U.S. senators have re-introduced a bipartisan bill to protect pipeline security from cybersecurity threats, acts of terrorism, and other nefarious acts that jeopardize the physical security or cybersecurity of pipelines. The bill will also support efforts by the Department of Homeland Security to secure pipelines and related facilities.
The bill, titled “Pipeline Security Act,” is to work in coordination with the Cybersecurity and Infrastructure Security Agency (CISA) against cybersecurity threats that jeopardize the physical security or cybersecurity of such transportation or facilities, in order to ensure the security of pipeline transportation and pipeline facilities. In addition to transporting oil, these pipelines also transport gas that heats homes and generates electricity.
Calling for the need to do more and ensure the safety of energy infrastructure, the Federal Energy Regulatory Commission (FERC) and the North American Electric Reliability Corporation (NERC) have established and enforced mandatory cybersecurity standards for the bulk electric system. But such comparable mandatory standards are missing for the nearly 3 million miles of natural gas, oil, and hazardous liquid pipelines that traverse the United States.
The FERC has called for mandatory cybersecurity standards for the nation’s pipeline infrastructure. “It is time to establish mandatory pipeline cybersecurity standards similar to those applicable to the electricity sector, FERC Chairman, Richard Glick, said in a statement. “Simply encouraging pipelines to voluntarily adopt best practices is an inadequate response to the ever-increasing number and sophistication of malevolent cyber actors. Mandatory pipeline security standards are necessary to protect the infrastructure on which we all depend.”
The pipeline security legislation was re-introduced by Emanuel Cleaver II, a Democrat from Missouri, along with Committee on Homeland Security Chairman Bennie Thompson, a Democrat from Mississippi, Committee Ranking Member John Katko, a Republican from New York, and 12 members of the committee.
The new legislation is particularly timely given the recent DarkSide ransomware incident, which infected IT systems at Colonial Pipeline leading to the fuel pipeline operator shutting down operations for multiple days. The fuel pipeline company has not provided any details of the exact cause of the cybersecurity incident, the number of systems affected by the ransomware, or if any data was stolen in the cybersecurity attack.

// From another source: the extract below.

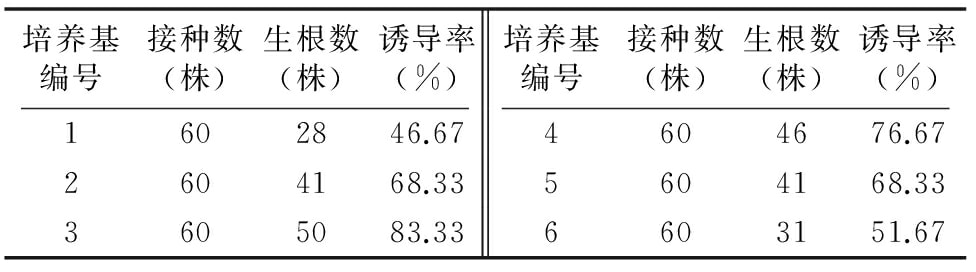將生長健壯的叢生芽接種在含有不同濃度NAA的誘導培養基中,由表6可知,當NAA低濃度時生根誘導率隨著NAA濃度的升高而增加,NAA濃度為1.2 mg/L時,誘導率高,達到83.33%。然而,隨著NAA濃度的持續升高,生根誘導率呈現下降的趨勢。因而確定佳生根培養基為MS+1.2 mg/L NAA。

“It’s become clear that cyber-attacks on our critical infrastructure are national security and economic threats to the homeland,” said Congressman Cleaver in a media statement. “The recent ransomware attack on the Colonial Pipeline, which caused the shutdown of thousands of miles of gas pipeline along the East Coast, was just the latest example of why Congress must act swiftly to harden our critical infrastructure and bolster our cybersecurity capabilities,” he added.
“The recent ransomware attack against Colonial Pipeline Company further highlights the threats facing our nation’s critical infrastructure and the potential cascading impacts cyber attacks can have on our economy,” said Ranking Member Katko. “With the attacks of this nature on the rise, it’s more important than ever to strengthen our cyber resilience.”
The Act seeks to explicitly codify the Transportation Security Administration (TSA) and the CISA roles in securing pipelines. The TSA has been the primary federal entity responsible for protecting against cyberattacks, terrorist attacks, and other efforts that disrupt the more than 2.7 million miles of pipelines that distribute hazardous liquids across the country.
It will also codify TSA’s Pipeline Security Station and require TSA to develop a personnel strategy for staffing it, in addition to requiring the TSA to update pipeline security guidelines within a year of enactment. It also improves mechanisms for stakeholder engagement and congressional oversight of TSA’s efforts. The Act will reinforce support for the TSA’s security mission, and increase the agency’s engagement with relevant public and private stakeholders.
Though the TSA has led the federal government’s pipeline security efforts since its inception in the aftermath of the Sept. 11th attacks, the division that carries out these critical functions has yet to be codified into law. The new Pipeline Security legislation provides permanence to the section and explicitly highlights TSA’s pipeline security responsibilities.
Under the Pipeline Security Section, it will be required to update TSA’s pipeline security guidance within one year of enactment. The bill also ensures the Pipeline Security Section is responsible for developing and maintaining security guidance to help guard pipelines against cyberattacks, terrorist attacks, and other threats, in coordination with federal, state, local, private sector, and other stakeholders. It will also conduct security assessments of specific pipelines, and issuing recommendations to pipeline operators regarding their security plans, policies, and practices.
The section will also rank the relative security risk of pipelines and inspect critical facilities. In carrying out these tasks, the Pipeline Security Division will be staffed by personnel with requisite knowledge of the pipeline industry and personnel with appropriate cybersecurity expertise.
The legislation will require the TSA to report annually to Congress regarding the activities of the newly codified Pipeline Security Section. This will include updates regarding the security guidelines, assessments, and inspections required under the bill. Within one year of enactment, TSA will also be required to consult with pipeline stakeholders to discuss security matters. Within two years of enactment, the Government Accountability Office will conduct a review of the legislation’s implementation.